Chapter VII: Duel of the Fates
Aboard the Queen's transport, coming out of hyperspace and approaching the Naboo star system, Dejah Thoris paused on her way to a meeting with the Queen to observe Anakin Skywalker. She stood in the shadows of the entryway, silent as the night.
The boy stood at the pilot's console next to Ric Olie. The Naboo pilot was bent forward over the controls, pointing each one out in turn and explaining its function. Anakin was absorbing the information with astonishing quickness, brow furrowed, eyes intense, concentration total.
"And that one?" The boy pointed.
"The forward stabilizer." Ric Olie glanced up at him expectantly, waiting.
"And those control the pitch?" Anakin indicated a bank of levers by the pilot's right hand.
Ric Olie's weathered face broke into a grin. "You catch on pretty quick."
Quicker than any she had encountered, Dejah Thoris thought. This was the reason Anakin Skywalker was indeed special. It gave evidence of his high midichlorian count. It suggested anew that perhaps Qui-Gon was right in presuming he was the chosen one. But Dejah had learned that midichlorian count was not all that came into deciding one's fate. She worried Qui-Gon's attachment to the boy was blinding his judgement.
Dejah Thoris agreed with the Council's decision, though she had not taken part in its process. It was dangerous that the boy was so old, though perhaps not fatal to his chances. What troubled her was not his age, but the conflict she sensed within him. Anakin was wrestling with his parentage, with his separation from his mother, his friends, and his home. Especially his mother. He was old enough to appreciate what might happen, and the result was an uncertainty that worked within him like a caged animal seeking to break free. The Jedi Council knew that it could not tame that uncertainty from without, that it could be mastered only from within. They believed Anakin Skywalker too old for this, his thinking and his beliefs too settled to be safely reshaped. He was vulnerable to his inner conflict, and the dark side would be quick to take advantage of this.
Dejah had seen it happen many times before.

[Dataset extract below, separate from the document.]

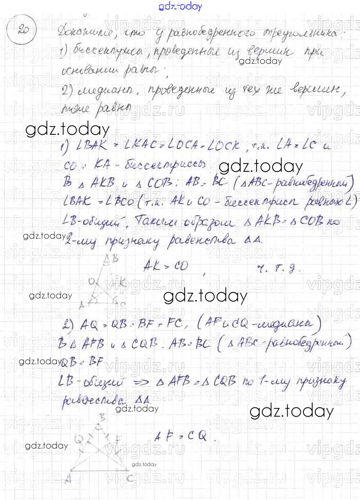 Ответы к Решение к §3. Признаки равенства треугольников 20 Учебнику по Геометрии для 7-9 класса Погорелов Просвещение 2014
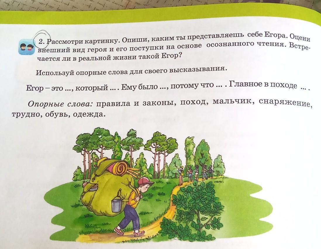 Егор-это мальчик, который прошёл в поход. Ему было трудно, потому что снаряжение было тяжёлым. Главное в походе-это соблюдать правила и законы.

She blinked her thoughts away, staring over at the boy from the back of the cockpit. Yes, there were risks in Qui-Gon accepting Anakin Skywalker as an apprentice. But few things of worth were accomplished in life without risk. The Jedi Order was founded on strict adherence to established procedures in the raising and educating of young Jedi, but there were exceptions to all things, even this. Perhaps the fact that the Jedi Council was refusing even to consider that this was an instance in which an exception should be made was injust...
They may never know.
She turned away then and walked from the cabin to the passageways beyond and descended one level to the Queen's chambers. The others the Queen had called together for this meeting were already present when she arrived. Qui-Gon gave her a brief, neutral nod of recognition, standing next to a glowering Captain Panaka. Obi-Wan regarded her with what appeared an attempted concealed predilection, failing to hide the delight in his eyes at her presence. Jar Jar Binks hugged the wall to one side, apparently trying to disappear into it. Amidala sat on her shipboard throne on a raised dais set against one wall, two of her handmaidens, Rabe and Eirtae, flanking her. Her white-painted face was composed and her gaze cool as it met Dejah's own, but there was fire in the words she spoke next.
"When we land on Naboo," she advised the Red Jedi after she had bowed and taken up a position next to Panaka, "it is my intention to act on this invasion at once. My people have suffered enough."